The development of a new vaccine technology has raised hopes for the treatment of Respiratory syncytial virus (RSV) infection, which is a deadly syndrome in infants.

Washington, May 9 : The development of a new vaccine technology has raised hopes for the treatment of Respiratory syncytial virus (RSV) infection, which is a deadly syndrome in infants.

The vaccine technology was developed by the Sir Albert Sakzewski Virus Research Centre and The University of Queensland's Faculty of Biological and Chemical Sciences.

Research centre director Professor Robert Tindle said RSV, which costs millions of dollars a year in health care in Australia and billions in the United States, can lead to severe and life threatening lower respiratory tract infection or bronchiolitis, killing about one in 1000.

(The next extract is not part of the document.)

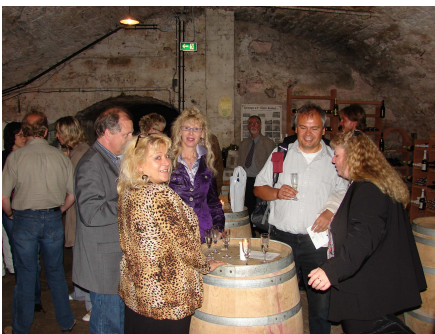
In den Gewölben der Sektkellerei Duprès-Kollmeyer.

Neben den Mitgliederversammlungen der Gemeinschaften enthielt das Programm weit über 20 weitere Veranstaltungen, darunter auch wieder kollektive Workshops unterschiedlicher Gemeinschaften. Beim gemeinsamen Plenum konnten die Teilnehmer/-innen die Neuigkeiten aus den jeweils anderen Gemeinschaften erfahren.

However, the vaccine that is being developed is expected to treat the illness in infected people as well as prevent against it.

Children aged two and under are most prone to RSV, especially those with weak respiratory symptoms, elderly people and the immunocompromised, such as people with HIV or those who have weakened immune systems due to treatments such as chemotherapy.

"Benefits of the vaccine will include a huge saving in health care costs. (It will also) relieve the burden of worry on thousands of parents who every year go through all kinds of angst because their young children are going into hospital with very worrying symptoms and it would prevent the death of the children who succumb to it and die," Professor Tindle said.

With preclinical modelling in mice having been hopeful, Professor Tindle said that more clinical experiments were on their way, leading the way to the vaccine becoming available in the clinic. He hoped it would become one of the vaccines given to all infants in their first three months of life.

Professor Tindle said the significance of the research project was two-fold because, along with helping children, it included forming a new type of vaccine. The research group has developed a "recombinant" vaccine using the existing Hepatitis B vaccine to carry the RSV peptides.

"Hepatitis B surface antigen forms virus-like particles, which are the vaccine used for Hepatitis B vaccine all around the world. We're taking advantage of that to piggyback, if you like, the respiratory syncytial virus peptides into the vaccine," Professor Tindle said.

Professor Tindle hoped the vaccine would eventually be able to protect people against both diseases in the one shot and, even better, the recombinant vaccine model could potentially be used for most transmittable diseases and some cancers.